What is required:
Leaving out pictures, output exactly the lines below from the one that has "On the other" through the one that has "Photograph of a", and nothing else.

Study material:
+ + + +

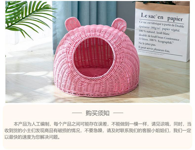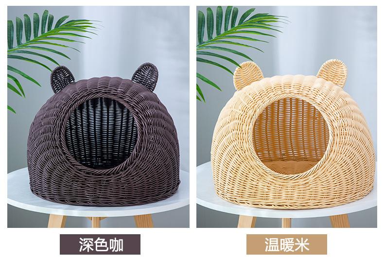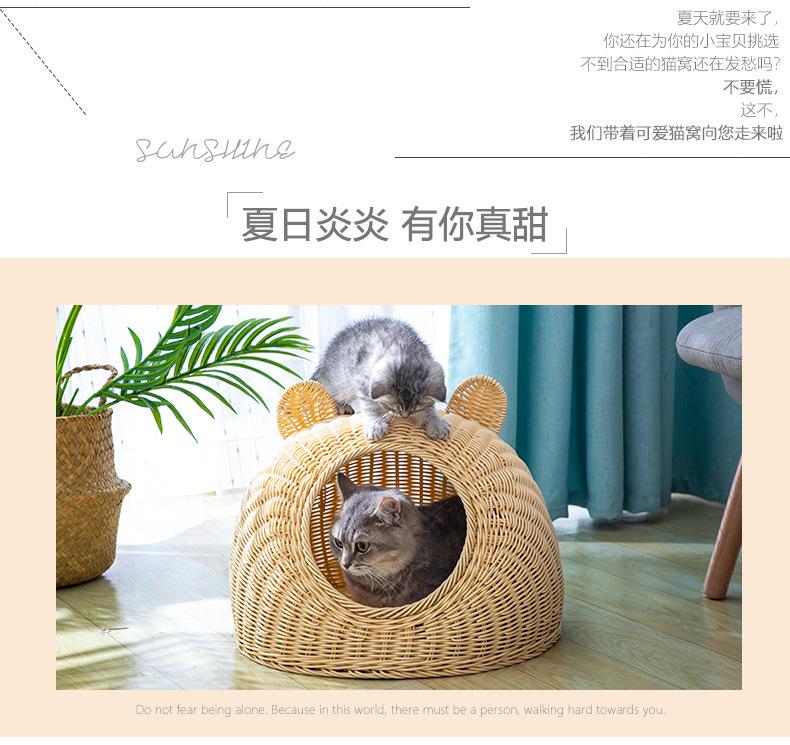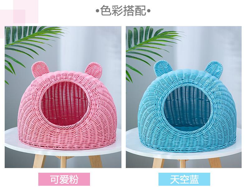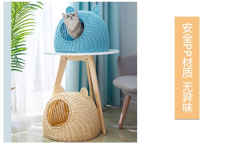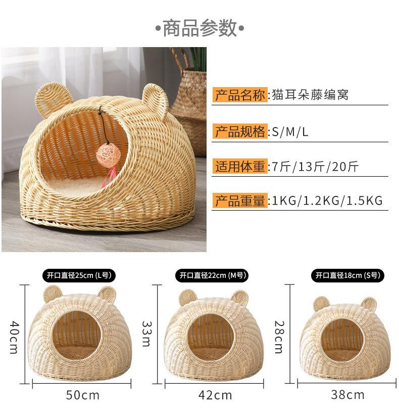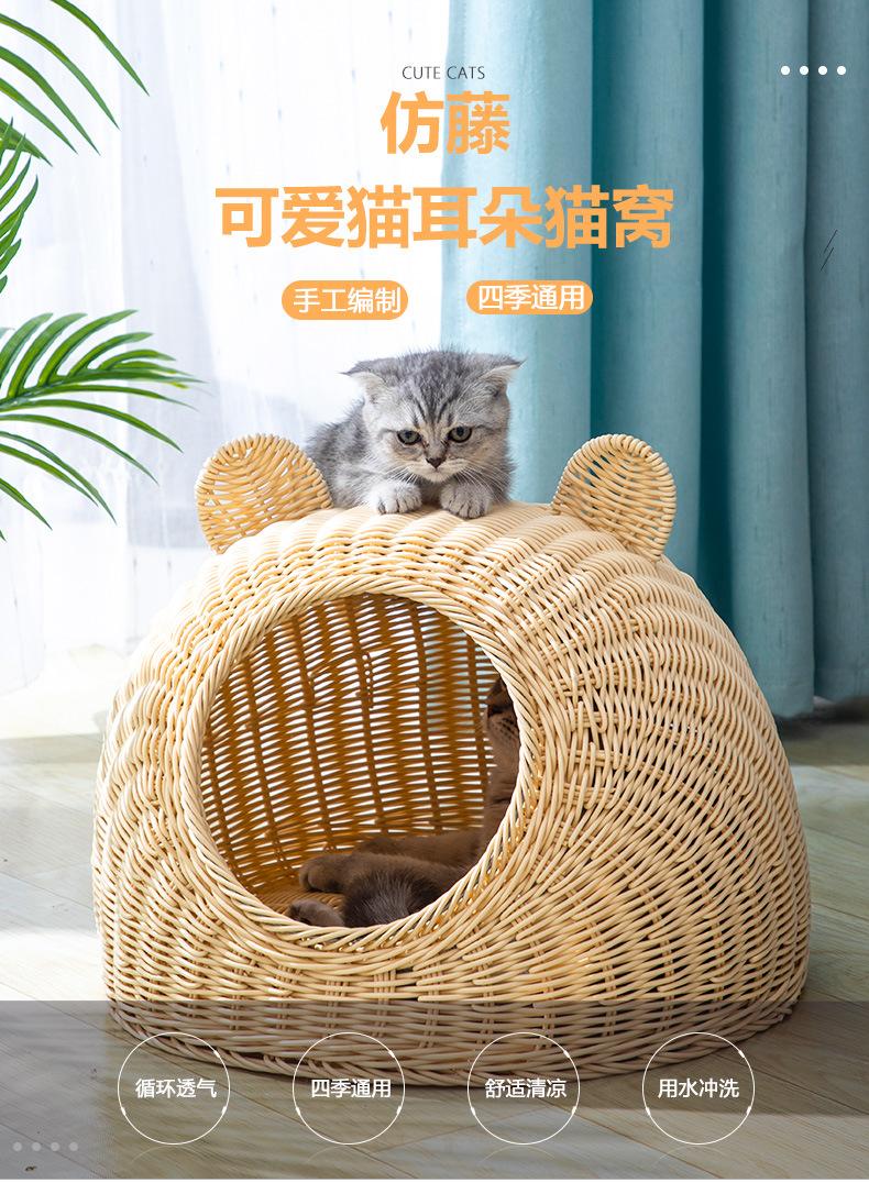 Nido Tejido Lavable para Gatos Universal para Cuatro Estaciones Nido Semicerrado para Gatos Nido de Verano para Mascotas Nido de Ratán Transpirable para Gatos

+ + + +

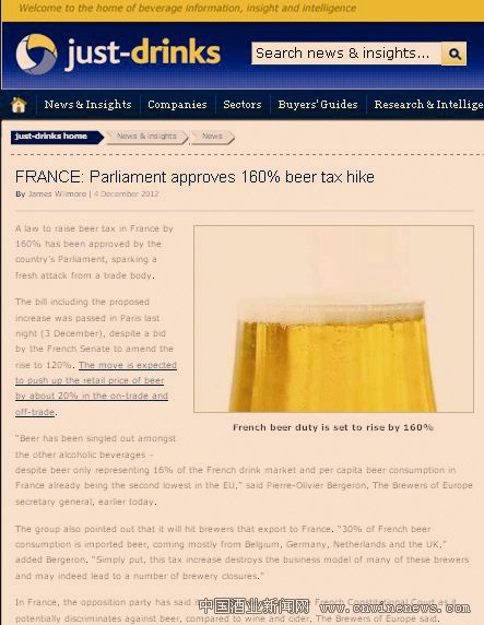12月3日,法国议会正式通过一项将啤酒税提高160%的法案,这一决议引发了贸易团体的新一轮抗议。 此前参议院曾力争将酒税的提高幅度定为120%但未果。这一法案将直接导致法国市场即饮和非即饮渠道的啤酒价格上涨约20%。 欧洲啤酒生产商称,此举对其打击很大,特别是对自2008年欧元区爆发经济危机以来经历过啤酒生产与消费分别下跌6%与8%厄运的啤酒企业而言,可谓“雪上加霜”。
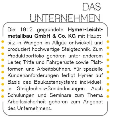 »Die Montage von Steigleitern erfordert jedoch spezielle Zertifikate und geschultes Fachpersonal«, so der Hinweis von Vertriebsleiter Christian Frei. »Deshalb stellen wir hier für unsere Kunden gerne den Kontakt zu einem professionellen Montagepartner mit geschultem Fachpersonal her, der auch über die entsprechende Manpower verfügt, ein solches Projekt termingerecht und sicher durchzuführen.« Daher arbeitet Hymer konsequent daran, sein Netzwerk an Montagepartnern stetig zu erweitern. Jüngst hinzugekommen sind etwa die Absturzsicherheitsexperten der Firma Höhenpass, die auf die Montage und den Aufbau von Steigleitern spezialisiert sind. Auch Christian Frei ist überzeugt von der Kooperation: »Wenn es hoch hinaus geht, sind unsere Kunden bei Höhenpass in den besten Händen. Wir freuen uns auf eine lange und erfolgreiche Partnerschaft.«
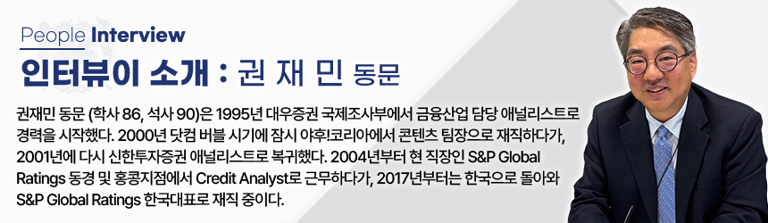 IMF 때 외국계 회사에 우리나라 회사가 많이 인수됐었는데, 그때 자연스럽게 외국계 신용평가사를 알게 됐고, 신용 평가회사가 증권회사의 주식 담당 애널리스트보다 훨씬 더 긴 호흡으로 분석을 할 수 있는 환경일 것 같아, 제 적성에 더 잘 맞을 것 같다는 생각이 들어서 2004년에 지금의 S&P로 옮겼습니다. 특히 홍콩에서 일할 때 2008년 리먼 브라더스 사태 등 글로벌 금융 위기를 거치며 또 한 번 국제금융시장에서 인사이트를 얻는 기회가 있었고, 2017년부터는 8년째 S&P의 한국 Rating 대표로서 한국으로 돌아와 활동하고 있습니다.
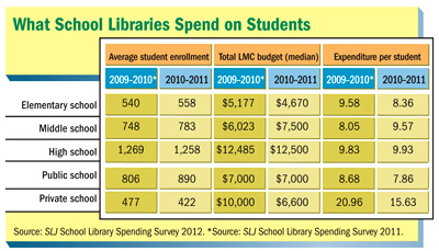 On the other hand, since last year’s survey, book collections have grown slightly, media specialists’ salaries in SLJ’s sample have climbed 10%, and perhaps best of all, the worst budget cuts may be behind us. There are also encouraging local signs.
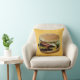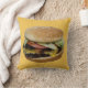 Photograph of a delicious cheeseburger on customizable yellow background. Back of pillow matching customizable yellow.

+ + + +

Response area:
 On the other hand, since last year’s survey, book collections have grown slightly, media specialists’ salaries in SLJ’s sample have climbed 10%, and perhaps best of all, the worst budget cuts may be behind us. There are also encouraging local signs.
 Photograph of a delicious cheeseburger on customizable yellow background. Back of pillow matching customizable yellow.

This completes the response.